Tag Archives: medicine

Health & Fitness, Day 7

Today’s highlight was small-group discussion and round-robin presentation on The Spirit Catches You And You Fall Downsomething I’ve been looking forward to throughout this course.  My table-group and I entered into the discussion slowly, a few of us tentatively throwing out some of our most-remembered moments from the text, until we eased into a theme for discussion.

At its core, this book is about a collision or clash between two very different cultures – sub-cultures, even, because the focus is on the differences between Hmong ideas about spirituality and health, and the American medical establishment.  What became apparent to me as I read was the degree to which American medicine really is a culture all its own – with its own language, hierarchy, assumptions and beliefs, all of which are strongly held and considered superior to most of what’s beyond the bounds of that system.

I couldn’t help but draw a parallel with the American education establishment.  There’s a great chapter in The Spirit entitled “Fish Soup”, which starts with an anecdote about a Hmong man who was a student in a French class at an American university.  This man was given an assignment to teach his class how to do something, in French.  He decided to teach his class how to make a Hmong fish soup.

Now, to most American educators – and, I’d hazard to say, most American standardized-test-making companies – what we’d expect to happen when a student says “I’m going to teach the class how to make fish soup” is that the student would perhaps write down a standard-format recipe on the blackboard and walk the class through it step-by-step, while in their rows the other students would throw spit-balls and pass notes.  But in this man’s case, the lesson ended up being 45 minutes long, and progressed gradually and smoothly from an outline of the problem to a lesson on making fish-hooks to commentary on where and how to find fish, what kind of fish are best, and how to catch them, and, very gradually, onto the process of actually cleaning and cooking the fish and making fish soup.  The lesson concluded with the man expressing his sincere wishes that he’d conveyed enough knowledge for the class to be able to catch, clean, and cook their own fish soup, should the need ever arise.

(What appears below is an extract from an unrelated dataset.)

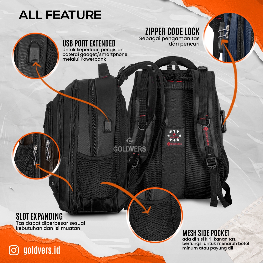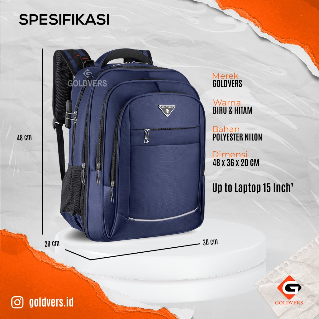 g0ldsvers - PRIME Tas Ransel Kerja Sekolah Tas Laptop Polo Kuliah Pria 18 Inch Backpack Polo Laptop USB LOCK KEY

This made me think: just as in American medicine we live by certain assumptions, certain codified rules about what is medicine and what is not, I think that in American education sometimes we only count as “knowledge” the little compartmentalized, easily measurable chunks of data that we can test for with multiple-choice assessments; we are sometimes in danger of only counting what we “like” or “expect” as knowledge, as thinking.  There is an education “culture” as surely as there is a medical “culture”, and I believe we need to stay very much aware of that.

A classmate of mine and I were looking together at a poster another table-group made, illuminating the thoughts they had in discussion.  I wish I could remember off the top of my head what the poster said, but what I definitely remember is my classmate saying “In medicine, they’re very good about acknowledging or defining the ‘placebo effect’, but they tend to think of it as something that’s only relevant to clinical tests of new drugs; if the belief in a treatment’s effectiveness really can be powerful enough to provide real benefit to that patient, why isn’t that something we can just go ahead and use to help people?”

Why not indeed.  You might as easily say: “If having fun helps children learn, why isn’t that just something we can use to help them learn?”  Or something to that effect.